Information of the National Breastfeeding Committee at BfR states that EHEC cannot be transmitted to infants through breast milk.

Infected mothers who breastfeed can thus continue to do so with children, even premature babies, though they should carefully adhere to all rules of hygiene (disinfect hands before breastfeeding).

Is it helpful to disinfect foods with water purification tablets or with other substances to protect against infection with EHEC?

Water purification tablets are not suitable for the disinfection of foods. The prescribed concentration is only suitable for the purification of water. Increasing the concentration without testing efficacy in advance could - at worst case - lead to adverse health effects as a result of residues on foods.

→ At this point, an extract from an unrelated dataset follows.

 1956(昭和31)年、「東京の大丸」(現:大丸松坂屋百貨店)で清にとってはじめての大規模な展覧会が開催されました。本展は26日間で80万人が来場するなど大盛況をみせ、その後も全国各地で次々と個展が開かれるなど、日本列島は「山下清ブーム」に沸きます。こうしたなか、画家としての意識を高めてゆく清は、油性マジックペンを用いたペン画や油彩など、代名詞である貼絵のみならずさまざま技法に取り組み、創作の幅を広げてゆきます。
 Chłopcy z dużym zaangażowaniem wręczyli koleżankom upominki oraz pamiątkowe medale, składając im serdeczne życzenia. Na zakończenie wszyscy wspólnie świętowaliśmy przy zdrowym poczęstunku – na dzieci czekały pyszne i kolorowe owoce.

At present no agent for the disinfection of foods is authorised for the German market or generally available. Disinfectants that are authorised in regard to food processing are exclusively authorised to disinfect the surfaces of kitchenware, floors, etc. rather than the foods themselves and should under no circumstances be used to treat these.

Are individuals who work in fruit and vegetable trade especially at risk?

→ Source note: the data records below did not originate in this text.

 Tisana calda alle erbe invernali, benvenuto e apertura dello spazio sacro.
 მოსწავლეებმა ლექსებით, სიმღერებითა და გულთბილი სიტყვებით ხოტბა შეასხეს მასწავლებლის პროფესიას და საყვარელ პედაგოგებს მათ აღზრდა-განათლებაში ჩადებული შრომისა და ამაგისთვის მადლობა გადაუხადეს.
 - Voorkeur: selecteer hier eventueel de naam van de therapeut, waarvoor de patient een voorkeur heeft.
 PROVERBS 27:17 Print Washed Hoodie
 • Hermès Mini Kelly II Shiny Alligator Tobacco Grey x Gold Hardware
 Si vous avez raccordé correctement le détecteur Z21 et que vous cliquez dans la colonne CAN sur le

In general, individuals who handle raw fruits and vegetables should adhere to the general rules of hygiene. There should be especially no eating, drinking or smoking when handling raw fruits or vegetables in the distribution or production of foods.

Can pets contract EHEC?

Pets can contract EHEC. These infections tend to take a milder course than human infections. It is, however, possible that animals infect humans via faecal-oral transmission if physical contact with the animals does not include sufficient hygiene.

What measures is BfR taking in order to protect consumers against EHEC?

Reference laboratories are located at BfR and the Robert Koch Institute. These laboratories are involved in the detection, characterisation and risk assessment of EHEC. E. coli isolated from foods by the competent authorities of the Federal Länder are sent to BfR for further characterisation in order to identify EHEC that are pathogenic to humans, i.e. cause disease in humans. The characterisation of EHEC types and their virulence determinants is necessary in order to determine if human infections are caused by the consumption of foods contaminated with EHEC and in order to contain disease outbreaks as quickly as possible.